**TASK INSTRUCTIONS**
Return each entry precisely as it appears below.

**INFORMATION PROVIDED**

^^^^^^^^

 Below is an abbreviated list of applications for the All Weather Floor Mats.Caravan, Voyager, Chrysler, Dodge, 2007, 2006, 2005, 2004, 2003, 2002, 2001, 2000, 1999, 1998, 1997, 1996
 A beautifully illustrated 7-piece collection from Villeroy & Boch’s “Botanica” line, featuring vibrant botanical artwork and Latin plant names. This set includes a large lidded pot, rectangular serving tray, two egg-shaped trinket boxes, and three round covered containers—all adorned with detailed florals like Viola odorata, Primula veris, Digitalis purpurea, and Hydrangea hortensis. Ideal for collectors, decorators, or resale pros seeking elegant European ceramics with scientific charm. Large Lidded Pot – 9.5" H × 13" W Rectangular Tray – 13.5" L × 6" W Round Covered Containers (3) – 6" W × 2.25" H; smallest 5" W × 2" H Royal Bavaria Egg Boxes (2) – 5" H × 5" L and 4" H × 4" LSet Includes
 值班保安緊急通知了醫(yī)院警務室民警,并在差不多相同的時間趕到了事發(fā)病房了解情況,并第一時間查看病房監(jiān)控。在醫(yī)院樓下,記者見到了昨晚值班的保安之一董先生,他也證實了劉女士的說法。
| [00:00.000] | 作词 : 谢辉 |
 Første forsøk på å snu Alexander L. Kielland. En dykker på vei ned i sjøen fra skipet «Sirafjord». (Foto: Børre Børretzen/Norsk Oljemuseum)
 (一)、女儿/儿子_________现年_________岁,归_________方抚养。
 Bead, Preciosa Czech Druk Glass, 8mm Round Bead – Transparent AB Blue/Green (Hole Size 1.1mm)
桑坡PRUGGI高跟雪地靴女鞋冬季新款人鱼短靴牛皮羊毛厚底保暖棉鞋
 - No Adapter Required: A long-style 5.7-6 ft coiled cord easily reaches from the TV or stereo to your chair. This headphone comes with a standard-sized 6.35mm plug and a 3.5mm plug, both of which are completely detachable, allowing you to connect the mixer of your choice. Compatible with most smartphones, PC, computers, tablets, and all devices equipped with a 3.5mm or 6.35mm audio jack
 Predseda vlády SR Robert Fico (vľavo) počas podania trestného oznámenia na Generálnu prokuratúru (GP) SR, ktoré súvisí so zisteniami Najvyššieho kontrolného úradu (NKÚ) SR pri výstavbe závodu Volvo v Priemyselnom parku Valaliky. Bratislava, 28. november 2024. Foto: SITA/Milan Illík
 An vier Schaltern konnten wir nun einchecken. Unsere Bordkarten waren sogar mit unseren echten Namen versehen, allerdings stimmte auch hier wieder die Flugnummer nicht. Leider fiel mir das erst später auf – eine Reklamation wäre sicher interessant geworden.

^^^^^^^^

**ANSWER TO THIS TASK**
 Below is an abbreviated list of applications for the All Weather Floor Mats.Caravan, Voyager, Chrysler, Dodge, 2007, 2006, 2005, 2004, 2003, 2002, 2001, 2000, 1999, 1998, 1997, 1996
 A beautifully illustrated 7-piece collection from Villeroy & Boch’s “Botanica” line, featuring vibrant botanical artwork and Latin plant names. This set includes a large lidded pot, rectangular serving tray, two egg-shaped trinket boxes, and three round covered containers—all adorned with detailed florals like Viola odorata, Primula veris, Digitalis purpurea, and Hydrangea hortensis. Ideal for collectors, decorators, or resale pros seeking elegant European ceramics with scientific charm. Large Lidded Pot – 9.5" H × 13" W Rectangular Tray – 13.5" L × 6" W Round Covered Containers (3) – 6" W × 2.25" H; smallest 5" W × 2" H Royal Bavaria Egg Boxes (2) – 5" H × 5" L and 4" H × 4" LSet Includes
 值班保安緊急通知了醫(yī)院警務室民警,并在差不多相同的時間趕到了事發(fā)病房了解情況,并第一時間查看病房監(jiān)控。在醫(yī)院樓下,記者見到了昨晚值班的保安之一董先生,他也證實了劉女士的說法。
| [00:00.000] | 作词 : 谢辉 |
 Første forsøk på å snu Alexander L. Kielland. En dykker på vei ned i sjøen fra skipet «Sirafjord». (Foto: Børre Børretzen/Norsk Oljemuseum)
 (一)、女儿/儿子_________现年_________岁,归_________方抚养。
 Bead, Preciosa Czech Druk Glass, 8mm Round Bead – Transparent AB Blue/Green (Hole Size 1.1mm)
桑坡PRUGGI高跟雪地靴女鞋冬季新款人鱼短靴牛皮羊毛厚底保暖棉鞋
 - No Adapter Required: A long-style 5.7-6 ft coiled cord easily reaches from the TV or stereo to your chair. This headphone comes with a standard-sized 6.35mm plug and a 3.5mm plug, both of which are completely detachable, allowing you to connect the mixer of your choice. Compatible with most smartphones, PC, computers, tablets, and all devices equipped with a 3.5mm or 6.35mm audio jack
 Predseda vlády SR Robert Fico (vľavo) počas podania trestného oznámenia na Generálnu prokuratúru (GP) SR, ktoré súvisí so zisteniami Najvyššieho kontrolného úradu (NKÚ) SR pri výstavbe závodu Volvo v Priemyselnom parku Valaliky. Bratislava, 28. november 2024. Foto: SITA/Milan Illík
 An vier Schaltern konnten wir nun einchecken. Unsere Bordkarten waren sogar mit unseren echten Namen versehen, allerdings stimmte auch hier wieder die Flugnummer nicht. Leider fiel mir das erst später auf – eine Reklamation wäre sicher interessant geworden.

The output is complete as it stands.